Don't use allthread. You'll screw up your router base, even the Craftsman doesn't warrant that kind of abuse. I use drill rod available through your local machine shop -- welders often have it too.

I would suggest a short pair of skis, rod length about 12" to 16" for the Craftsman. The holes look kind of small from what I can see in your picture. I'm using 12mm drill rod on an Hitachi M12V, 12lbs, 3+ HP and 32" rods and I get little deflection. I'm still going to make a short pair, about 16" rods, for routine stuff. The holes in the Craftsman will dictate what you use. Alternatively, you can have the base machined with larger holes and the rods fit to that. 

My rod holes are not round but hexagonal in shape. This creates top and bottom bearing points that leaves adjustments perfectly repeatable. That's why you don't want to use allthread. It will chew away the base material faster than a rat can go through a strip of bacon throwing all of your repeat-ability out the window.

Hope this helps.


----------



## bobj3 (Jan 17, 2006)

Hi Ron

I need to disagree with you on the all thread rod, I have used my setup for about 2 years now and the base is just like it was new, I have 3 other ski setups and use all thread rod on them also, but I don't move the router up and down on the all thread, no need to..



=====

======


----------



## Soapdish (Jan 18, 2010)

I forgot who posted it, but the skis that have the router mounted on lexan, then the all thread attached to brackets is what I'm planning on doing. I had no intentions on modifying the base to make some fit.


----------



## bobj3 (Jan 17, 2006)

========


----------



## allthunbs (Jun 22, 2008)

Soapdish said:


> I forgot who posted it, but the skis that have the router mounted on lexan, then the all thread attached to brackets is what I'm planning on doing. I had no intentions on modifying the base to make some fit.


Hi Jake:

My apologies. I had wrongly assumed that you were going to use the router base as your rod mounting point. If you're going to use the suspended base plate method, allthread will work but you will be restricted in where and how you can move on the rods. The member supporting allthread hasn't tried the merits of this philosophy.

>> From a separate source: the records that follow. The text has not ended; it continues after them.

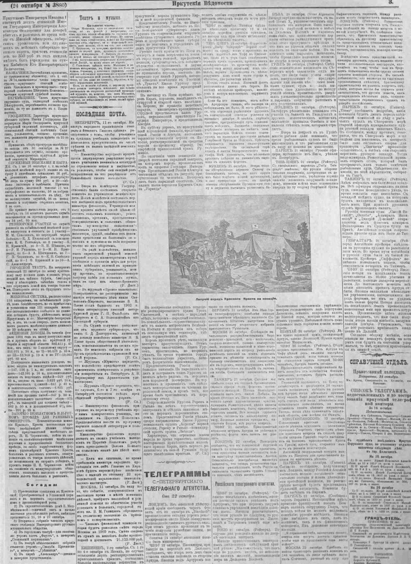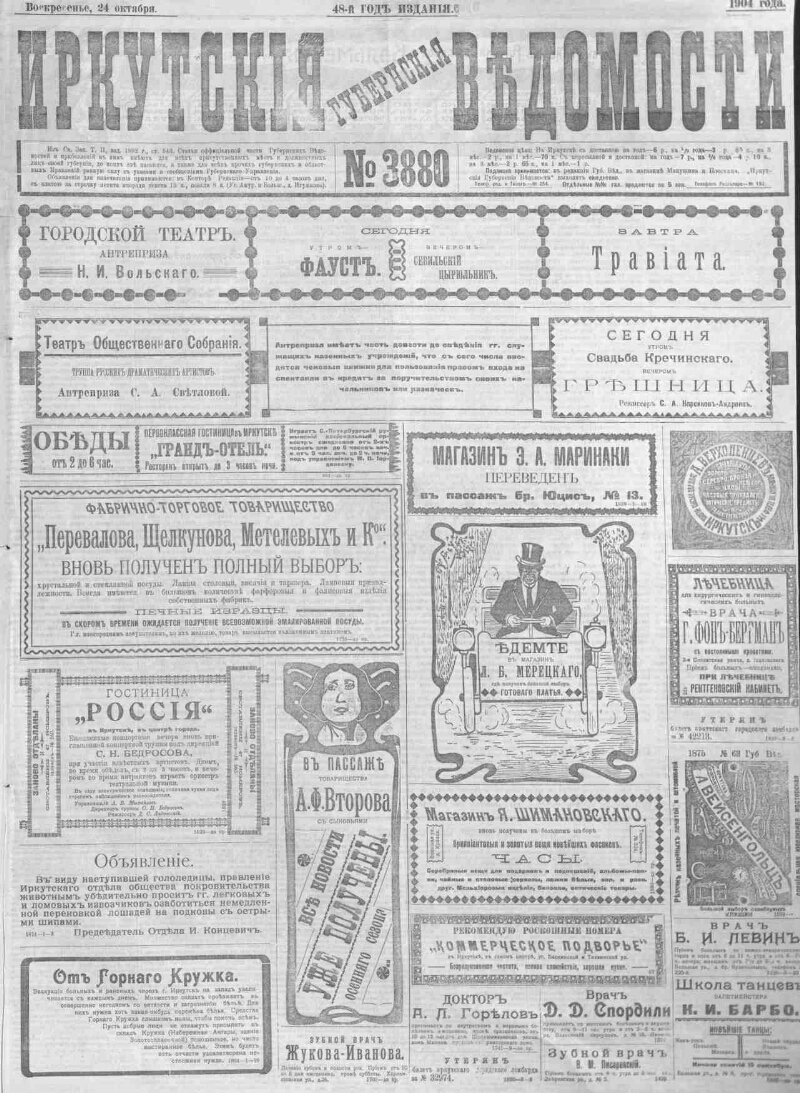 Description Irkutsk Province Gazette . - Irkutsk: Irkutsk provincial government, 1857- 1904, No. 3880 (Oct. 24). - 4 s. . 1. History - Periodicals - Russia. 2. Irkutsk Province. BBC 63.3 (28-8Irk) 531n51 Source of electronic copy: Irkutsk OGUNB Location on the original: Иркутская ОГУНБ Publisher Иркутское губернское правление Catalogue object История Collections Domestic periodicals in the Presidential Library’s collections → Newspapers → I → Irkutskie Gubernskie Vedomosti (Irkutsk Provincial News). Irkutsk → 1904
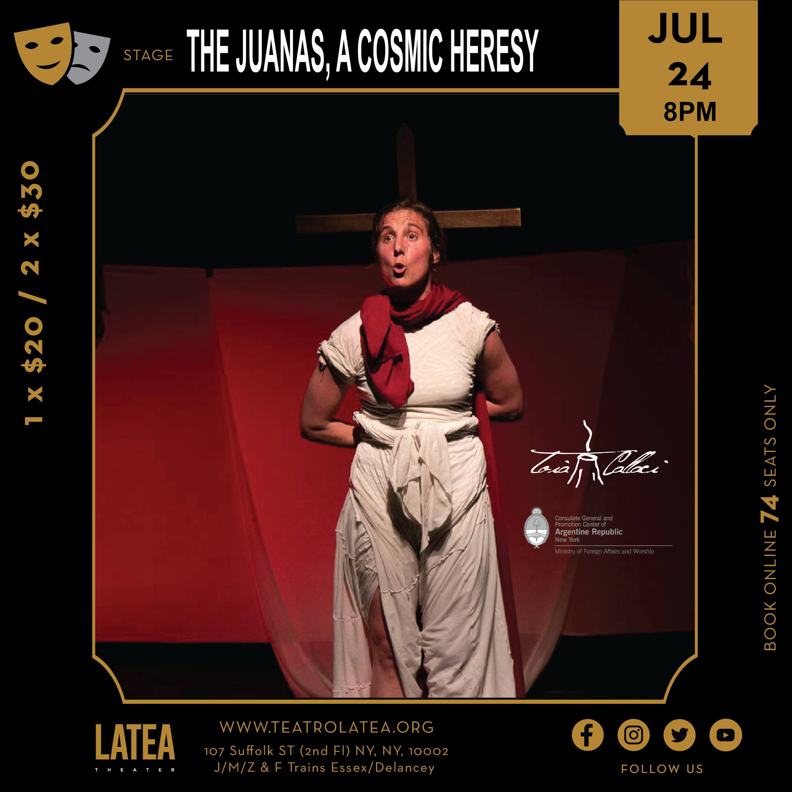 Inspirada en la vida de Juana Manso, Juana La loca, Jean D’Arc, Juana Azurduy, La Papisa Juana, Giovanna Marturano, Juana de Ibarboreau y Sor Juana Inés de la Cruz. Mujeres que lucharon por sus ideales, vivieron la prisión y el convento, fueron a la guerra, liberaron a sus pueblos y a sus almas, escribieron cosas hermosas, las sepultaron bajo otro nombre, siguieron su instinto, murieron en la pobreza absoluta pero quedaron estampadas en los billetes de sus países, amaron locamente, se hicieron pasar por hombre para escapar a su destino, sufrieron violencia doméstica, adicciones y abuso de poder, fueron procesadas y condenadas. En la sangre se oye un grito hoy, aquí, un eco.
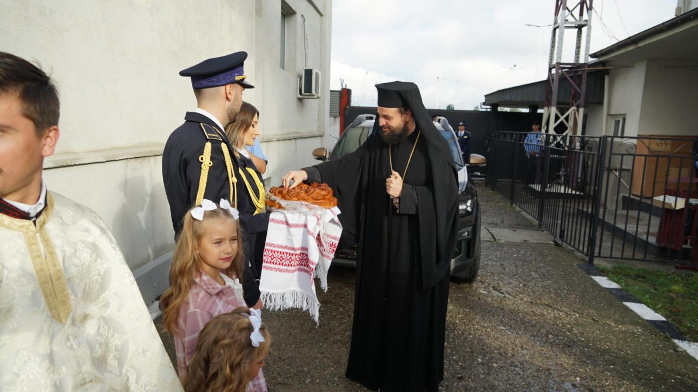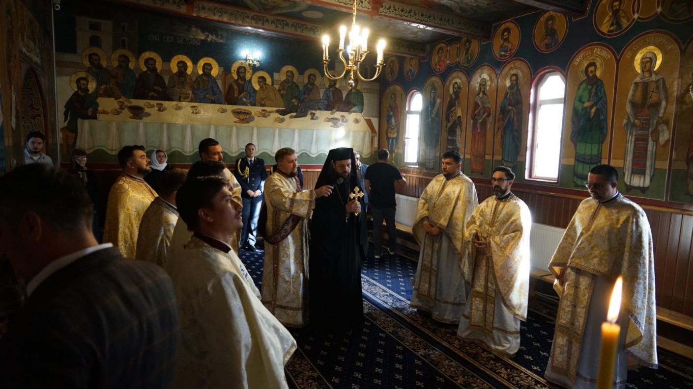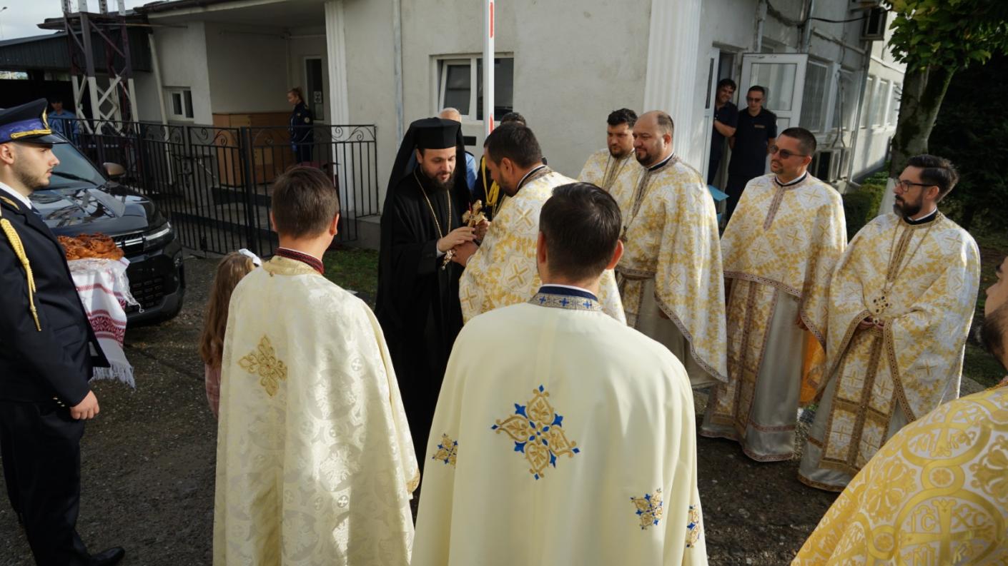 Slujba de sfințire a fost săvârșită, cu binecuvântarea Înaltpreasfințitului Părinte Ioachim, Arhiepiscopul Romanului și Bacăului, de către Preasfințitul Părinte Teofil Trotușanul, Episcop-vicar al Eparhiei, înconjurat de un numeros sobor de preoți.

In the photo below is the scraping from only twice mounting my M12V on allthread rods. The first time was to experiment and the second was to show the ski structure in my notes. 

Now that I have moved over to drill rod I have far greater freedom. I use three points on the rods, the dead middle for template or pattern stuff, the extreme end for freehand carving that requires precise control and about the 3/4 point for freehand material removal as in a lap joint.

When the FAQ gets up and running I'll have a relatively complete set of notes on ski construction and usage.


----------



## bobj3 (Jan 17, 2006)

Hi Jake

"The member supporting allthread hasn't tried the merits of this philosophy"

The member has tried the rods and the philosophy  and did find out the rods is not worth the extra time and money, it's a KISS thing for me.(Keep-It-Simple-S**)

Ron and Harry forget sometimes that many don't use 20 lb. router tank for the ski router jobs and many routers don't have big holes for the rods..i.e. Porter Cable for just one of many .

==========


----------



## Soapdish (Jan 18, 2010)

I will take all of this into consideration. I'll make something work.


----------